■ Description of the task
Below this line is a set of entries; quote exactly the lines from the line that contains "- Traction animale" to the line that contains "首次覆盖方面,1月20日券商", both lines included.

■ Task material
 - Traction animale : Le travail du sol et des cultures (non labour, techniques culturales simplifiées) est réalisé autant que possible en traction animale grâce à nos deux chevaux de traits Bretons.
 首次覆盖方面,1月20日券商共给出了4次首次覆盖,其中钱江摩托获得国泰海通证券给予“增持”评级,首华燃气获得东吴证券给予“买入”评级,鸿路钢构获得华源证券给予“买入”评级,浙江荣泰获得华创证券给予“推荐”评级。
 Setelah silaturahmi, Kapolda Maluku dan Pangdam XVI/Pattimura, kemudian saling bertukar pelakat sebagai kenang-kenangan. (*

* * *

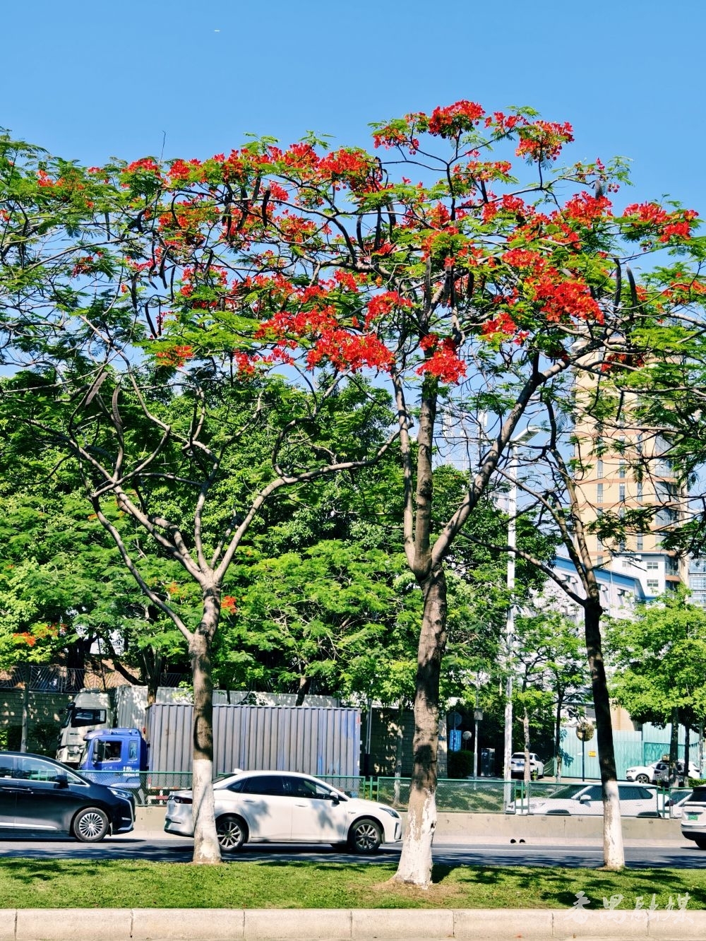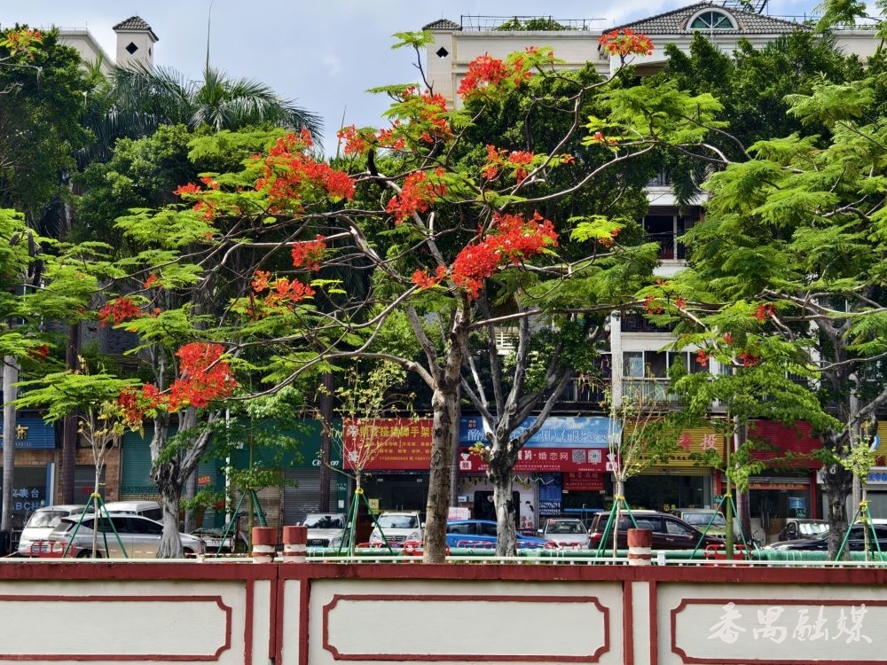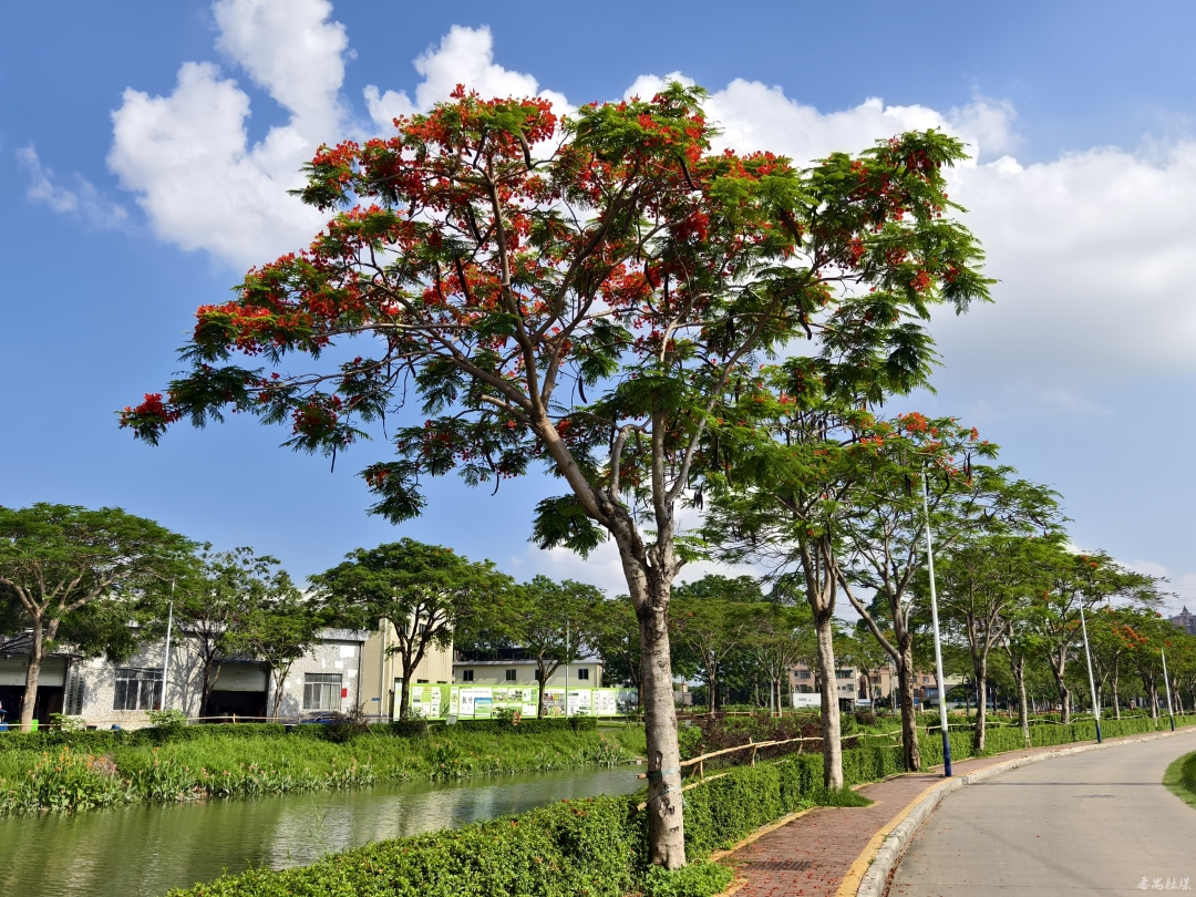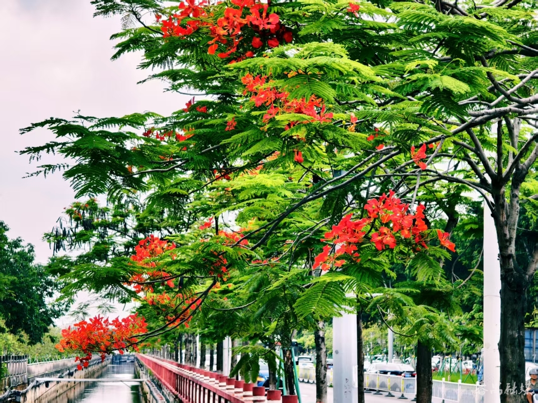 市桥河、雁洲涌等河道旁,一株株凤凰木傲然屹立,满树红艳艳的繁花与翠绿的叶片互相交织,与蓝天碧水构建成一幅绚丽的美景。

■ Answer section
 - Traction animale : Le travail du sol et des cultures (non labour, techniques culturales simplifiées) est réalisé autant que possible en traction animale grâce à nos deux chevaux de traits Bretons.
 首次覆盖方面,1月20日券商共给出了4次首次覆盖,其中钱江摩托获得国泰海通证券给予“增持”评级,首华燃气获得东吴证券给予“买入”评级,鸿路钢构获得华源证券给予“买入”评级,浙江荣泰获得华创证券给予“推荐”评级。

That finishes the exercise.